Klee poeta, ergo è poeta proprio nella dimensione del suo disegno: il suo disegno è il suo segno e viceversa. Ed è generatore d’arte proprio nella dimensione di se stesso, in una privazione carnale e passionale, verso ad una meta del tutto metafisica ed astratta: l’opposto, ergo, come ho già potuto constatare, di Picasso, poiché come sostiene Greenberg nel Saggio Su Klee: “Picasso vede il quadro come un muro, Klee come una pagina”. Se il primo aveva una concezione rinascimentale dell’arte come riempimento di uno spazio, il secondo aveva una concezione dell’arte, oserei dire, «proto orientale» di svuotamento dello spazio, di risalto dell’acromatismo, che delinea un colore a sé stante, una fusione semiotica tra linguaggio ed immagine.

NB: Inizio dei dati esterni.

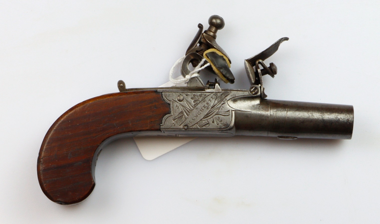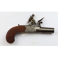 Flintlock Boxlock Pocket or Overcoat Pistol signed 'SHAW', early 19th Century, 42 bore 1 5/8 in. turn-off barrel, sharp, clear London proof-marks, border engraved action decorated with stands of arms signed 'SHAW' to one side and 'MANCHESTER' over, sliding safety, drop-down folding trigger, slab sided wooden butt with blank white metal oval wrist escutcheon, all elements operate correctly, crisp action, 6 in. length. William Shaw worked as a gunmaker in Manchester, circa 1810-1830.

Ed in tutto questo, il ritrovarsi in sé medesimo nella figura contrastante di Dio: un Prometeo condannato a se stesso, si profila una polemica adorativa, lasciata in una sospensione genetica, in cui l’adorazione è dovuta, ma il rifiuto d’essa fa da cornice contrastante:
(…)
Per i dolori di molti e per i miei
io ti giudico,
per ciò che non hai fatto.
Ti giudica
il tuo figlio migliore,
il tuo spirito più audace,
a te affine eppure
tanto da te diverso.
Ma se la genesi di Klee è acromatica e il colore è soggetto e predicato, in un caso diviene attributo: ed il verde diviene colore della natura, colore materno ed astratto, fisico e metafisico e nell’assunto di questo croma universale un nome s’impasta dinanzi agli occhi: Eveline.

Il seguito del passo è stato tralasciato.